Skip to content

Slack Bot Intermittently Missing Workflow Submission Events #1440

@RajuKumar077

Description

@RajuKumar077

I'm experiencing an intermittent issue where my Slack bot (built with slack-bolt Python async framework) sometimes fails to receive or process workflow submission events.

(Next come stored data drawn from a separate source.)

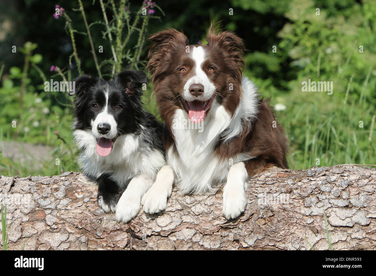 Cane Border Collie Adulto E Cucciolo Diversi Colori Giacente Su Di Un Tronco Di Albero Foto Stock Alamy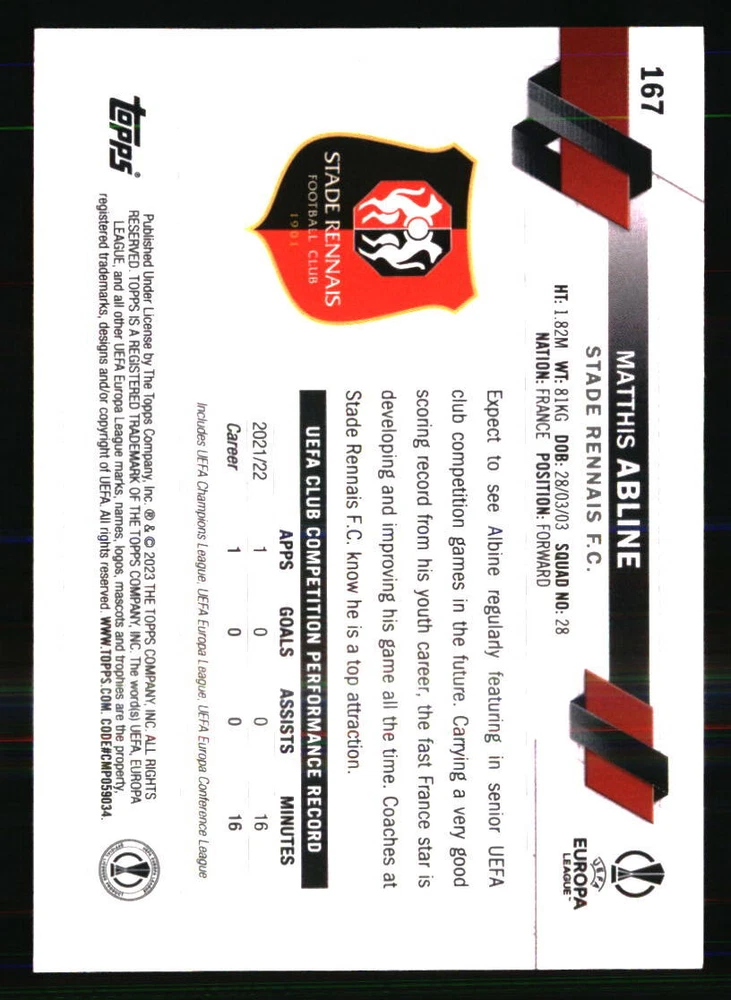 Manufacturer: Topps Team: Stade Rennais FC Graded: No Card Number: 167 Autographed: No Player|Athlete: Matthis Abline Sport: SOCCER Season: 2022 Year Manufactured: 2022 Type: Sports Trading Card Set: 2022-23 Topps UEFA Club Competitions 1st Edition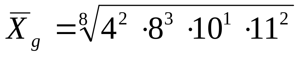 Якщо середня геометрична обчислюється для варіаційного ряду, то тоді сума частот є показником степені кореня, а частота кожного з варіантів – показником степені варіанта.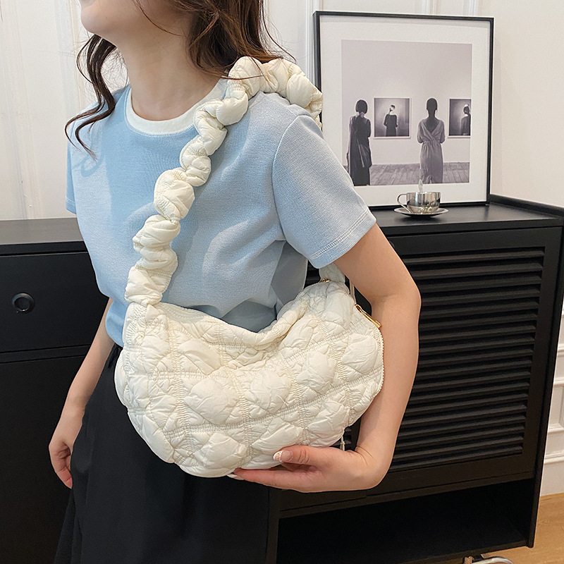 Xiaozhong All-match Cloud Bag 새로운 주름 된 대용량 자수 만두 백 드로스트링 크로스 바디 백 여성용 숄더 핸드백스토어 가기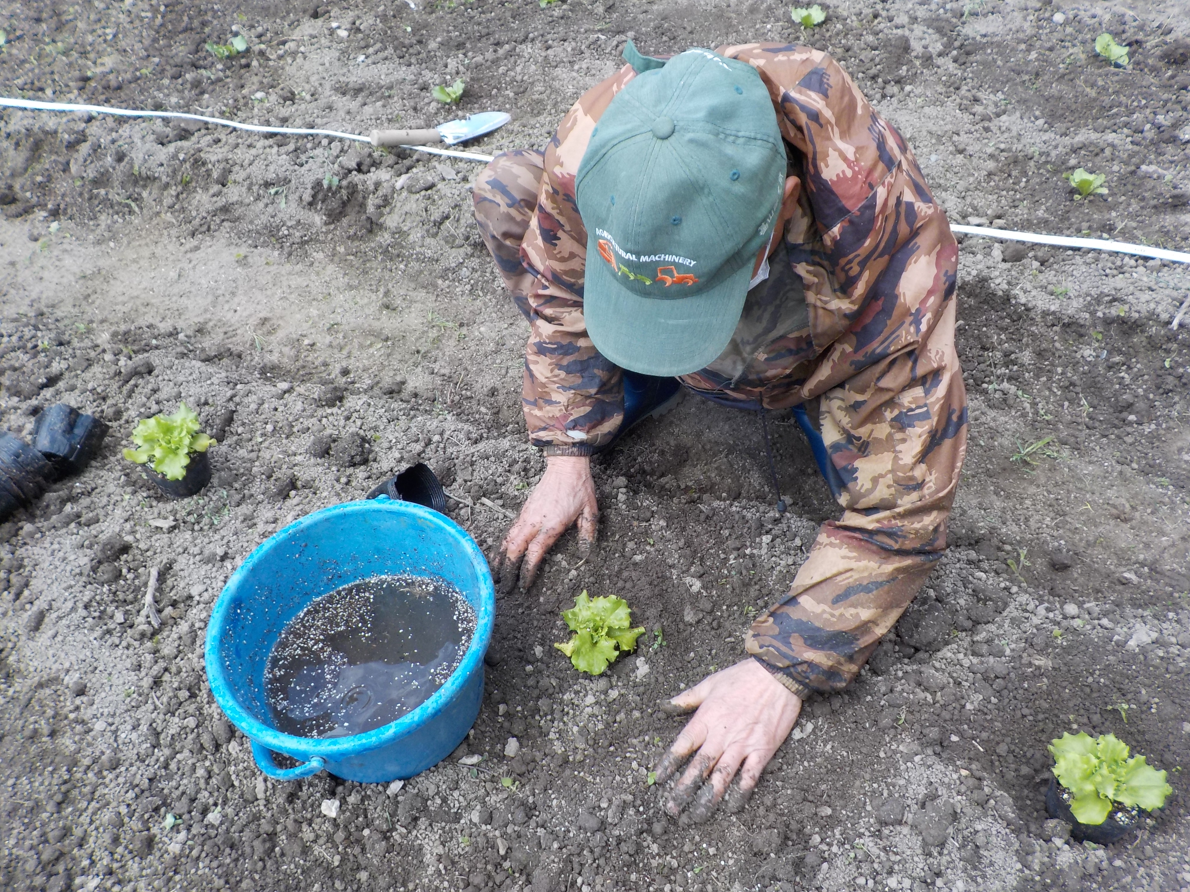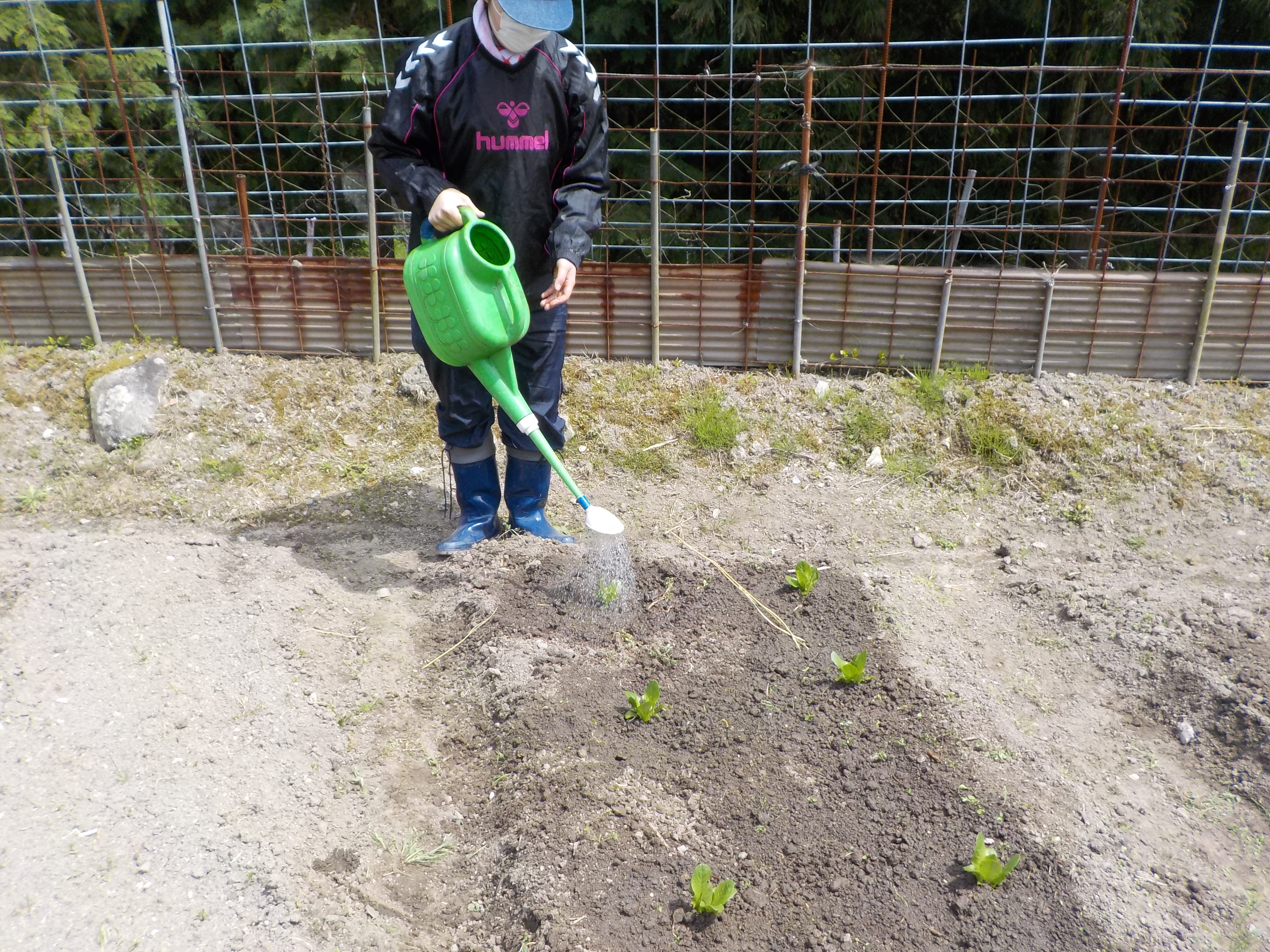 今回は、ジャガイモの土寄せとレタスの定植を行いました。 |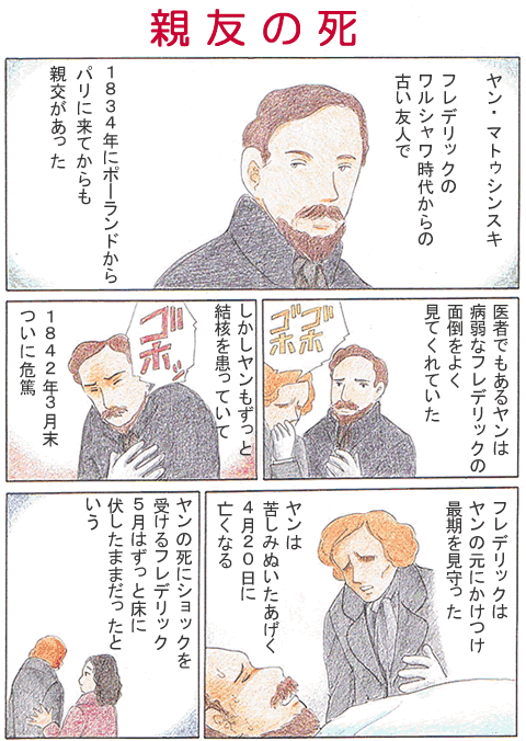 しかし、肺結核をわずらい、1842年3月末に危篤、4月20日に亡くなる。ショパンは最期まで立ち会い、かなりショックを受けていたという。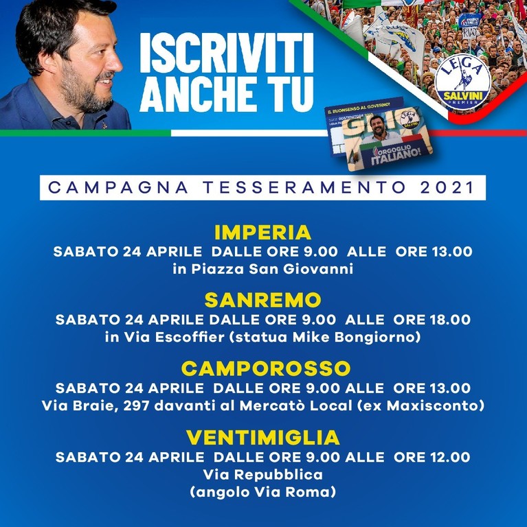 "La campagna tesseramento 2021 per la Lega è in piena attività. Domani in provincia di Imperia sarà possibile incontrare i militanti in una serie di gazebo sul territorio da Imperia a Sanremo, da Ventimiglia a Camporosso. Una mobilitazione nel pieno rispetto delle norme sanitarie per confermare la vocazione della Lega, sempre tra la gente. L'elenco in costante aggiornamento sui profili Facebook e Telegram della Lega Liguria".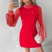 Look at this dress! The rhinestone embellishments add a sparkling and luxurious element, perfect for creating a chic and eye-catching outfit. The gauze spliced long sleeve detail adds a hint of sheer and adds a touch of sensuality to the dress. Wanna have a try?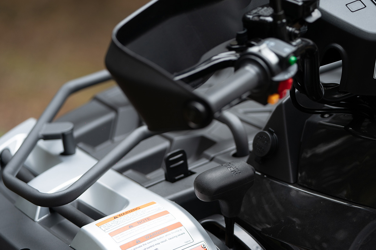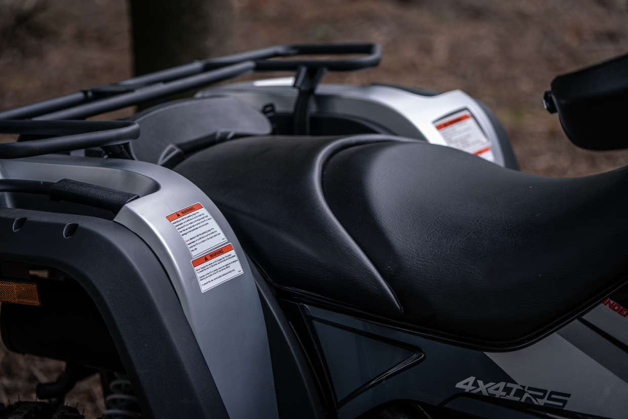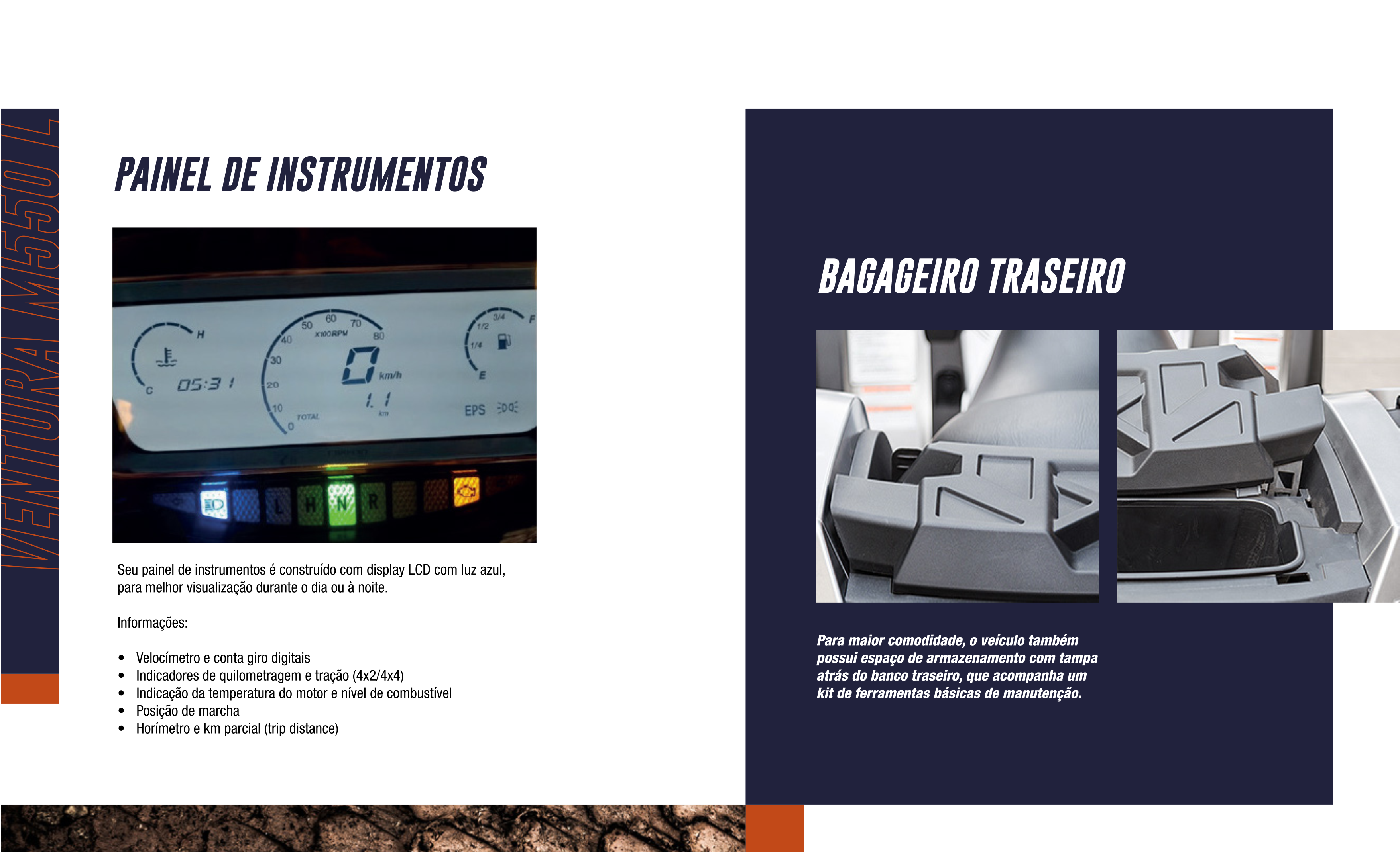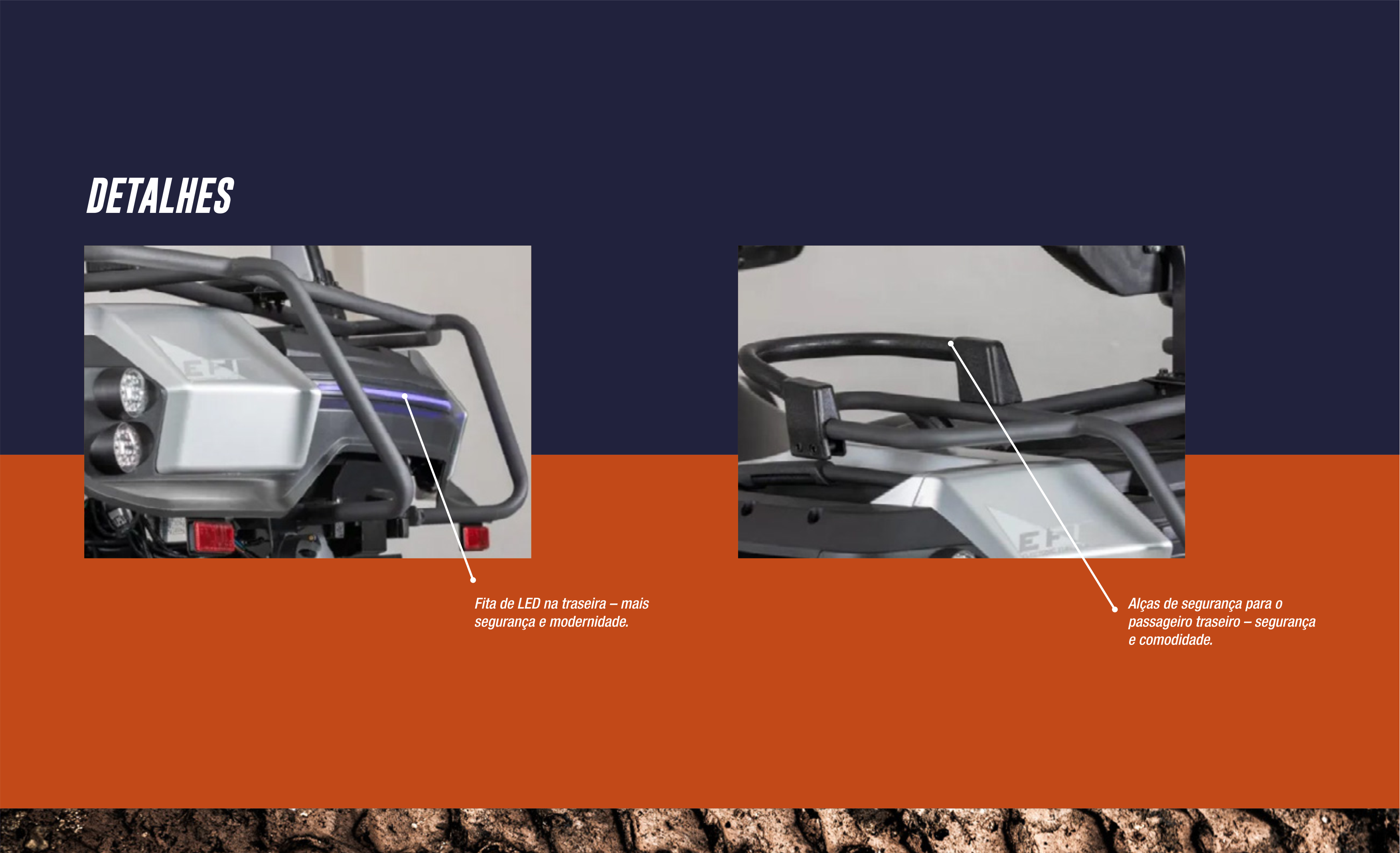 O ATV também oferece espaço de armazenamento com tampa atrás do banco traseiro, que acompanha um kit de ferramentas básicas de manutenção.

The bot works correctly most of the time, but occasionally workflow submissions don't trigger the bot's event handlers.

Environment:
Framework: slack-bolt (Python, async version)
Connection: Socket Mode with AsyncSocketModeHandler
Event Types: Listening to message events and app_mention events
Deployment: Dockerized application running in Kubernetes
Python Version: 3.11
Current Implementation Pattern:

from slack_bolt.async_app import AsyncApp
from slack_bolt.adapter.socket_mode.async_handler import AsyncSocketModeHandler

app = AsyncApp(token=SLACK_BOT_TOKEN)

@app.event("message")
async def handle_messages(event, body, say, client, logger, ack):
    await ack()
    # Process workflow submissions from message events
    # ... detection and processing logic ...

@app.event("app_mention")
async def handle_mentions(event, body, say, client, logger, ack):
    await ack()
    # Delegate to main handler
    # ... processing logic ...

async def main():
    handler = AsyncSocketModeHandler(
        app=app,
        app_token=SLACK_APP_TOKEN,
        trace_enabled=True,
        ping_interval=30,
        auto_reconnect_enabled=True
    )
    await handler.start_async()

if __name__ == "__main__":
    asyncio.run(main())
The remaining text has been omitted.